# Brief:
Reproduce, from the lines below, exactly the stretch that begins at the line containing "表面に焼き目がつくまで、焼いていきます。※中まで火を通す必要はありません。" and ends at the line containing "Das UHAPEER Organizer", both included.

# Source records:
+ + +
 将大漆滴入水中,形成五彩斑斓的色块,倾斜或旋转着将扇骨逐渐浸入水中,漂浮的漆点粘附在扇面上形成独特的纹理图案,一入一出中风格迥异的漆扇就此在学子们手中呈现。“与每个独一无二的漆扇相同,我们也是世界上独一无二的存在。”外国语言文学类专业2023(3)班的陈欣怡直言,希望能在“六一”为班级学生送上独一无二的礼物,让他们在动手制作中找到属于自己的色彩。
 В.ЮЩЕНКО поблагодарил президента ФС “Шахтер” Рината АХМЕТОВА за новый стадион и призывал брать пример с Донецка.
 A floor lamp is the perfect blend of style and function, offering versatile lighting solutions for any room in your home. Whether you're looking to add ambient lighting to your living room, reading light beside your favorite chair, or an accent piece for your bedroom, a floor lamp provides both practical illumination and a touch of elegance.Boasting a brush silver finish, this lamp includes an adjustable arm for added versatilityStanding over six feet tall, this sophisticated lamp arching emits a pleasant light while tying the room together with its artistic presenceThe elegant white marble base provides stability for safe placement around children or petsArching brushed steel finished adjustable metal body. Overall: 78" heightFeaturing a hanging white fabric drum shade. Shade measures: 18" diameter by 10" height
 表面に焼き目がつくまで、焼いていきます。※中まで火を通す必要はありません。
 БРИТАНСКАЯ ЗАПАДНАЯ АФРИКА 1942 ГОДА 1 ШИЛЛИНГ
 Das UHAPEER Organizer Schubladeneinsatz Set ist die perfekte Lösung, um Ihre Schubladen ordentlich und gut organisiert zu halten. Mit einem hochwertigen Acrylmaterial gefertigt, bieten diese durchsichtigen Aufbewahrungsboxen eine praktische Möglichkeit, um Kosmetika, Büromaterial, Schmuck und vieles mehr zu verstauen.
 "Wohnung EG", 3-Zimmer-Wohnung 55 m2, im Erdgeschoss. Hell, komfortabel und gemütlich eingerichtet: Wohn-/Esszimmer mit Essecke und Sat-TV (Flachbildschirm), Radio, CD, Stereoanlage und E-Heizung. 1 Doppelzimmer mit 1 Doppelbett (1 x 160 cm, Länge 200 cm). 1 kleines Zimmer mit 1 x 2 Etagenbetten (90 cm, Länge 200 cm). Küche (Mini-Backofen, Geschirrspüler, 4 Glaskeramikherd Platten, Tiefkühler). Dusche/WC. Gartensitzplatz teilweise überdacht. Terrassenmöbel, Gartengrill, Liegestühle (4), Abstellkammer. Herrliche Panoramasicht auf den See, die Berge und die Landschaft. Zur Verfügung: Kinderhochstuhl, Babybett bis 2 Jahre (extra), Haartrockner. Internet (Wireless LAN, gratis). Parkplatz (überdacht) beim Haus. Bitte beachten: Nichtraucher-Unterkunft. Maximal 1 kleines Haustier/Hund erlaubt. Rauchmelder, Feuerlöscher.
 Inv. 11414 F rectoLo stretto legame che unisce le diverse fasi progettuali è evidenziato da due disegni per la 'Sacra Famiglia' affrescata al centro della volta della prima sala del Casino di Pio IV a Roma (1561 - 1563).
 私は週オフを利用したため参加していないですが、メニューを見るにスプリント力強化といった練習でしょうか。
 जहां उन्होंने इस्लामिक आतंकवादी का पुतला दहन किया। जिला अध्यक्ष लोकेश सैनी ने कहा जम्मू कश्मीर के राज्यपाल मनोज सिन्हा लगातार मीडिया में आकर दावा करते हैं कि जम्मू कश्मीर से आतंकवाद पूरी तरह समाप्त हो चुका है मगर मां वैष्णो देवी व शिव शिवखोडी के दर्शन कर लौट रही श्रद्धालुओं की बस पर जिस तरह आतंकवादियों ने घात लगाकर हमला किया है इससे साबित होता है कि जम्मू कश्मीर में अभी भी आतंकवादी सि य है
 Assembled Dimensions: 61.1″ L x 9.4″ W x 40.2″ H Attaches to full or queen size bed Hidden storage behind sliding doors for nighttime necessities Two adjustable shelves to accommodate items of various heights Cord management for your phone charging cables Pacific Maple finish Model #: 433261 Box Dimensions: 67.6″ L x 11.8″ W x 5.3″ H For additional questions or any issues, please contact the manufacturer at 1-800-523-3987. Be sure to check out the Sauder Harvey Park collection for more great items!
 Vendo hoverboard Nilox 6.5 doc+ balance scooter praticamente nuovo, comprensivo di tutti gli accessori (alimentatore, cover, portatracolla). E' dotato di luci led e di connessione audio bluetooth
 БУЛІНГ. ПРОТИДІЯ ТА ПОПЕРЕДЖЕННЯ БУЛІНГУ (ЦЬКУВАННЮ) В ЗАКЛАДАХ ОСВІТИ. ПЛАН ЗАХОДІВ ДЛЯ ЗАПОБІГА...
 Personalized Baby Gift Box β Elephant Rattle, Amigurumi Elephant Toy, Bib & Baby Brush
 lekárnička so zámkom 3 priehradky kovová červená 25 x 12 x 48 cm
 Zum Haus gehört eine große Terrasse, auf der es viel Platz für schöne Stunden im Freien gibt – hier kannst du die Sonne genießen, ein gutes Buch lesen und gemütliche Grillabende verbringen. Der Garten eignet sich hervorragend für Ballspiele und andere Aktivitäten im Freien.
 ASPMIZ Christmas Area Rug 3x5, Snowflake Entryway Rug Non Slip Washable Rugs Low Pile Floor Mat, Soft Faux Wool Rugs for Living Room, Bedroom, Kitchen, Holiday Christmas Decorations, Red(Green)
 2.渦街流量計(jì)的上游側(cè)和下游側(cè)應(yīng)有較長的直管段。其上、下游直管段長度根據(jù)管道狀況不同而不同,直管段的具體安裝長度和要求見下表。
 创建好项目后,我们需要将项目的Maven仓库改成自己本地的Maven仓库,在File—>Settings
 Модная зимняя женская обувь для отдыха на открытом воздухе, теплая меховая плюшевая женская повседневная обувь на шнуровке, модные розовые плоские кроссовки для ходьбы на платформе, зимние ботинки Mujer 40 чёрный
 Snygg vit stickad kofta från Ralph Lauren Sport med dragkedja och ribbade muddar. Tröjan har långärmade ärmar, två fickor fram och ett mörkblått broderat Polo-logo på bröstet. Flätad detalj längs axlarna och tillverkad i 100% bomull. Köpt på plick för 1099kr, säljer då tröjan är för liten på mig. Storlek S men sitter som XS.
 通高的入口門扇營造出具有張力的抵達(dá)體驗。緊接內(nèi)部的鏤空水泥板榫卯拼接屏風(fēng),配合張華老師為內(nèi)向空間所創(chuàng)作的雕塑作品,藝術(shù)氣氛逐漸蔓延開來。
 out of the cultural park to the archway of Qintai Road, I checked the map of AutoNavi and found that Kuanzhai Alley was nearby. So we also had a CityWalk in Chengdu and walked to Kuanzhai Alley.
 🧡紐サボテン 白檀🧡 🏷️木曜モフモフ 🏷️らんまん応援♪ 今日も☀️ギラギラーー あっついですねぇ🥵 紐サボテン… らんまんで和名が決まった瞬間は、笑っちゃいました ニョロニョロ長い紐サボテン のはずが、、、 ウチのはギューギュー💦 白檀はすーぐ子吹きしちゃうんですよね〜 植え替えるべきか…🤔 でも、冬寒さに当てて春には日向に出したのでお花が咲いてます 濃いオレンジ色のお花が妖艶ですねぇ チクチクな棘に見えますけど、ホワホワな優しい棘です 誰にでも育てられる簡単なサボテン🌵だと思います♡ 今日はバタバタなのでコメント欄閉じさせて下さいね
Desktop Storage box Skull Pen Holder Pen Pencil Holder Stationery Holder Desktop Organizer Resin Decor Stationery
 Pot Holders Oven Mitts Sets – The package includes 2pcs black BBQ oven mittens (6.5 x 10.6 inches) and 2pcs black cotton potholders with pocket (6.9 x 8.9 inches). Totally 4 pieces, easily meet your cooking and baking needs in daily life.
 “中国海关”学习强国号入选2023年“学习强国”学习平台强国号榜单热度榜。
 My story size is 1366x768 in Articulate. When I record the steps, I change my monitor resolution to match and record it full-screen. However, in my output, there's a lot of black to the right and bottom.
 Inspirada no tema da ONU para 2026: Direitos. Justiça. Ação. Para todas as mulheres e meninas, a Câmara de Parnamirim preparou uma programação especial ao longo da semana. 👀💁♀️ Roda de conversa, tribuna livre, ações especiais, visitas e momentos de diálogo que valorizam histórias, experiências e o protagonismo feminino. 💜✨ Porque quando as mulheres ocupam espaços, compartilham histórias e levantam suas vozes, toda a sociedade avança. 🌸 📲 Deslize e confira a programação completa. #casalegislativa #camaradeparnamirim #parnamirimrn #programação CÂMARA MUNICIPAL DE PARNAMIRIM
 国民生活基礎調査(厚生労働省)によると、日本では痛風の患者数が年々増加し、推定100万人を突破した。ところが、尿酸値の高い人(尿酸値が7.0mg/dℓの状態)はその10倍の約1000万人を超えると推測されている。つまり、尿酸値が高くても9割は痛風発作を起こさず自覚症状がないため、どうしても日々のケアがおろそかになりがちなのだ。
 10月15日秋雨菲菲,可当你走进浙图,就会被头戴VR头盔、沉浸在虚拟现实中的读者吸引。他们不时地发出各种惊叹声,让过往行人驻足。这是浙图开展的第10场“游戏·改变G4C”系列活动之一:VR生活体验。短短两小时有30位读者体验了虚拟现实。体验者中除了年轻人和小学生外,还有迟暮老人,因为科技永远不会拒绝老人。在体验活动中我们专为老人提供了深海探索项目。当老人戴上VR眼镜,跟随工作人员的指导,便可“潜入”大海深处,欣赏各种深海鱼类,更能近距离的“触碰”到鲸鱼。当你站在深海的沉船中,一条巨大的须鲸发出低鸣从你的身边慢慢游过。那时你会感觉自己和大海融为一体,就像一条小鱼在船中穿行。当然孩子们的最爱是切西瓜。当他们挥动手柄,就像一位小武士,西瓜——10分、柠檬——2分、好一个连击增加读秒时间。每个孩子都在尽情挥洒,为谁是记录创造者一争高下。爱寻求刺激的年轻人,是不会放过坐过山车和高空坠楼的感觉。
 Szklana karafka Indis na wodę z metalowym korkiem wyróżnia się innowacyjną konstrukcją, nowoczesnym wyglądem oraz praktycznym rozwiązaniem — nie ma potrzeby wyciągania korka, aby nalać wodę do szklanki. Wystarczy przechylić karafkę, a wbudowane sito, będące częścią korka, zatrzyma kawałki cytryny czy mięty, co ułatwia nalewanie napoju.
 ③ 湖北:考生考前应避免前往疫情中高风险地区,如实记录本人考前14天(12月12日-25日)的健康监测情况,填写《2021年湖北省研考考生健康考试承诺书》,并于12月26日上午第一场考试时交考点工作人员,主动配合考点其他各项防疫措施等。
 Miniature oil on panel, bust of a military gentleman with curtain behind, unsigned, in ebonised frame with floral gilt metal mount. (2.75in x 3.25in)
+ + +
# Task result:
 表面に焼き目がつくまで、焼いていきます。※中まで火を通す必要はありません。
 БРИТАНСКАЯ ЗАПАДНАЯ АФРИКА 1942 ГОДА 1 ШИЛЛИНГ
 Das UHAPEER Organizer Schubladeneinsatz Set ist die perfekte Lösung, um Ihre Schubladen ordentlich und gut organisiert zu halten. Mit einem hochwertigen Acrylmaterial gefertigt, bieten diese durchsichtigen Aufbewahrungsboxen eine praktische Möglichkeit, um Kosmetika, Büromaterial, Schmuck und vieles mehr zu verstauen.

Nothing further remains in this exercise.